A novel mutation in the PEX26 gene in a family from Dagestan with members affected by Zellweger spectrum disorder

Natalia A Semenova; Marina V Kurkina; Andrey V Marakhonov; Elena L Dadali; Natalia N Taran; Tatyana V Strokova

doi:10.1016/j.ymgmr.2021.100754

A novel mutation in the PEX26 gene in a family from Dagestan with members affected by Zellweger spectrum disorder

Mol Genet Metab Rep. 2021 Apr 12:27:100754. doi: 10.1016/j.ymgmr.2021.100754. eCollection 2021 Jun.

Authors

Natalia A Semenova¹, Marina V Kurkina¹, Andrey V Marakhonov¹, Elena L Dadali¹, Natalia N Taran², Tatyana V Strokova²

Affiliations

¹ Research Centre for Medical Genetics, 1 Moskvorechye Street, Moscow 115522, Russian Federation.
² Federal Research Centre of Nutrition and Biotechnology, Kashirskoe shosse, d. 21, Moscow 115446, Russian Federation.

Abstract

Background: Peroxisome biogenesis disorders (PBD) are a heterogeneous group of autosomal recessive disorders that affect multiple organ systems. Approximately 80% of PBD patients are classifiedin the Zellweger syndrome spectrum, which is generally caused by mutations in the PEX1, PEX6, PEX10, PEX12, or PEX26 genes.

Methods: We present the clinical characteristics of three male members with cholestatic hepatopathy and developmental delay. Next-Generation Sequencing (NGS) was used to analyze 52 genes responsible for hereditary diseases with cholestasis. The variant was confirmed by Sanger sequencing. Dried blood spot (DBS) samples of 537 newborns from Dagestan were tested for the presence of that mutation.

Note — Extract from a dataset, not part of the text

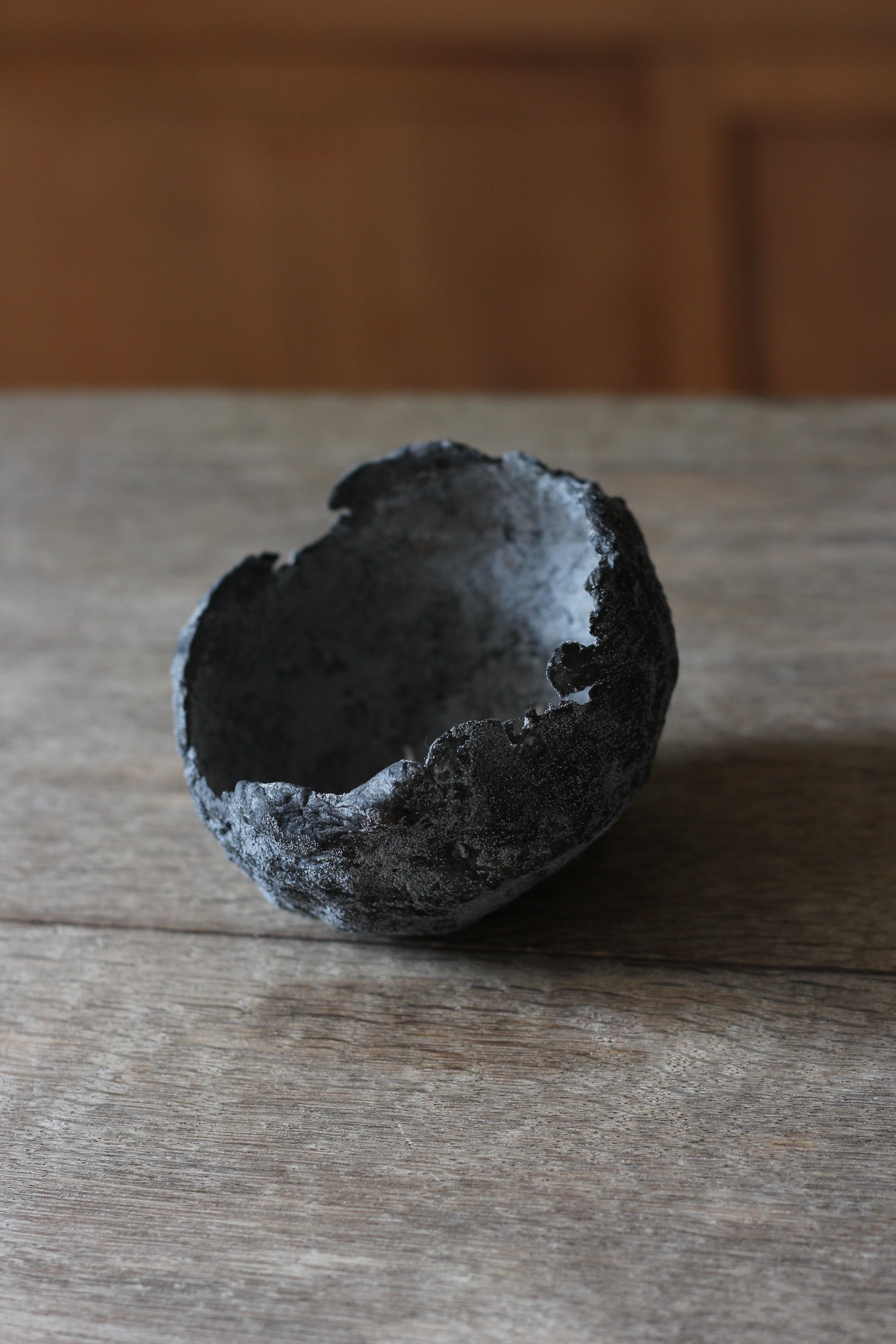 一度水に漬けて戻し、型などで成形して乾かす。最後に黒墨や藍、時には柿渋、鉄錆や砂鉄などを混ぜて着色されています。

The frequency of the mutant allele in the population of Dagestan wasestimated using the Hardy-Weinberg equilibrium.

Results: Symptoms of disease manifested from the first months of life as severe hepatic dysfunction and developmental delay. Physical examination showed jaundice, hepatosplenomegaly, coagulopathy, and normal or slightly elevated level of gamma-glutamyltransferase (GGT), similar to progressive familial intrahepatic cholestasis. The level of C26 and ratio of C26/C22 in plasma were increased. A nucleotide variant in the PEX26 gene was identified: NM_017929.6:c.347 T>A, p.(Leu116Gln) in a homozygous state. Parents and healthy siblings were heterozygous for the mutant allele. This variant was not described in the Database of Single Nucleotide Polymorphism (dbSNP), it is not registered in the Human Gene Mutation Database (HGMD) v. 2020.1. The frequency of the mutant allele in the population of Dagestan is estimated to be less than 0.000931 (99% CI, 0.000929-0.000934).

Conclusions: Our clinical cases from Dagestan describe the phenotype associated with the c.347 T>A,p.(Leu116Gln), variant in the PEX26 gene. We show that the onset of the clinical picture in patients with Zellweger syndrome spectrum could start with severe hepatic dysfunction and cholestasis. We suggest that biochemical screening of PBD in infants with cholestasis is necessary.

Keywords: ALT, alanine aminotransferase; AST, aspartate aminotransferase; CI, confidence interval; Cholestasis; DBS, dried blood spot; GGT, gamma-glutamyltranspeptidase; Hepatic dysfunction; LDG, lactate dehydrogenase; OMIM, Online Mendelian Inheritance in Man; PBD, peroxisome biogenesis disorders; PEX26 gene; VLCFA, very-long-chain fatty acids; ZSD, Zellweger spectrum disorders; Zellweger syndrome spectrum.